> [TASK GOAL]: Everything in the listing should be set down exactly, apart from the pictures.
··· DATASET EXCERPT ···
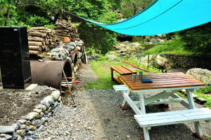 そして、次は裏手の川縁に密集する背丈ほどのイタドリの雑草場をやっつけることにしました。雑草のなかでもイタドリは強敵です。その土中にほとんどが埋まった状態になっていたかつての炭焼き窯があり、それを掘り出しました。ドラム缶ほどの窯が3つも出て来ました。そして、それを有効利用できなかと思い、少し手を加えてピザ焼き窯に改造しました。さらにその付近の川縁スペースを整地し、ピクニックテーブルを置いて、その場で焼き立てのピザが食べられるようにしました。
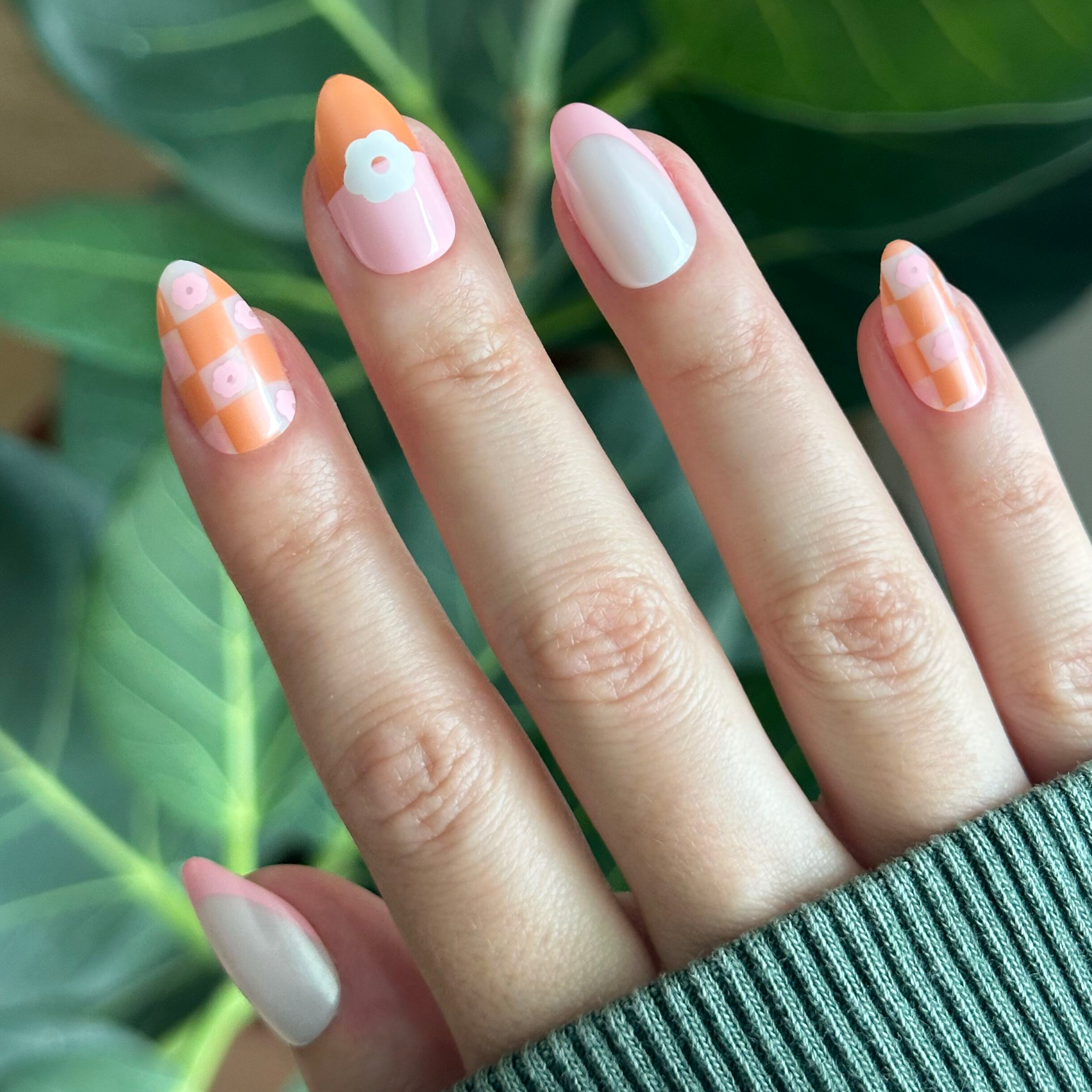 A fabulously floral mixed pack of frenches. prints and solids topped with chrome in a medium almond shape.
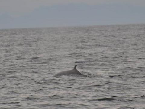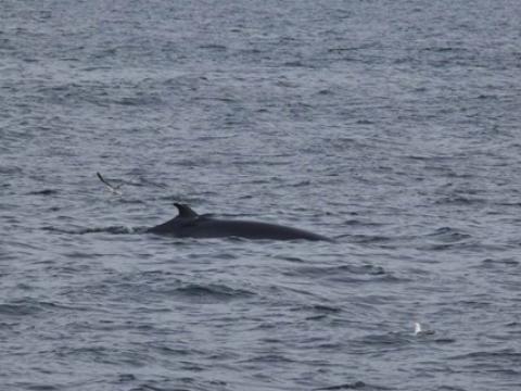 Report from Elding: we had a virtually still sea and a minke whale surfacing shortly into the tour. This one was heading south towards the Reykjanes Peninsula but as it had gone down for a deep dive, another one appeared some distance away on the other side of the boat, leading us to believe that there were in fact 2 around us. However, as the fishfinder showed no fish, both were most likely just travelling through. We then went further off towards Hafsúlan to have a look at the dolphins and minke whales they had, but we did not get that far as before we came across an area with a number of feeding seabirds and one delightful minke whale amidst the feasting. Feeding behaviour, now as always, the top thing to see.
···
> [WRITTEN ANSWER]:
 そして、次は裏手の川縁に密集する背丈ほどのイタドリの雑草場をやっつけることにしました。雑草のなかでもイタドリは強敵です。その土中にほとんどが埋まった状態になっていたかつての炭焼き窯があり、それを掘り出しました。ドラム缶ほどの窯が3つも出て来ました。そして、それを有効利用できなかと思い、少し手を加えてピザ焼き窯に改造しました。さらにその付近の川縁スペースを整地し、ピクニックテーブルを置いて、その場で焼き立てのピザが食べられるようにしました。
 A fabulously floral mixed pack of frenches. prints and solids topped with chrome in a medium almond shape.
 Report from Elding: we had a virtually still sea and a minke whale surfacing shortly into the tour. This one was heading south towards the Reykjanes Peninsula but as it had gone down for a deep dive, another one appeared some distance away on the other side of the boat, leading us to believe that there were in fact 2 around us. However, as the fishfinder showed no fish, both were most likely just travelling through. We then went further off towards Hafsúlan to have a look at the dolphins and minke whales they had, but we did not get that far as before we came across an area with a number of feeding seabirds and one delightful minke whale amidst the feasting. Feeding behaviour, now as always, the top thing to see.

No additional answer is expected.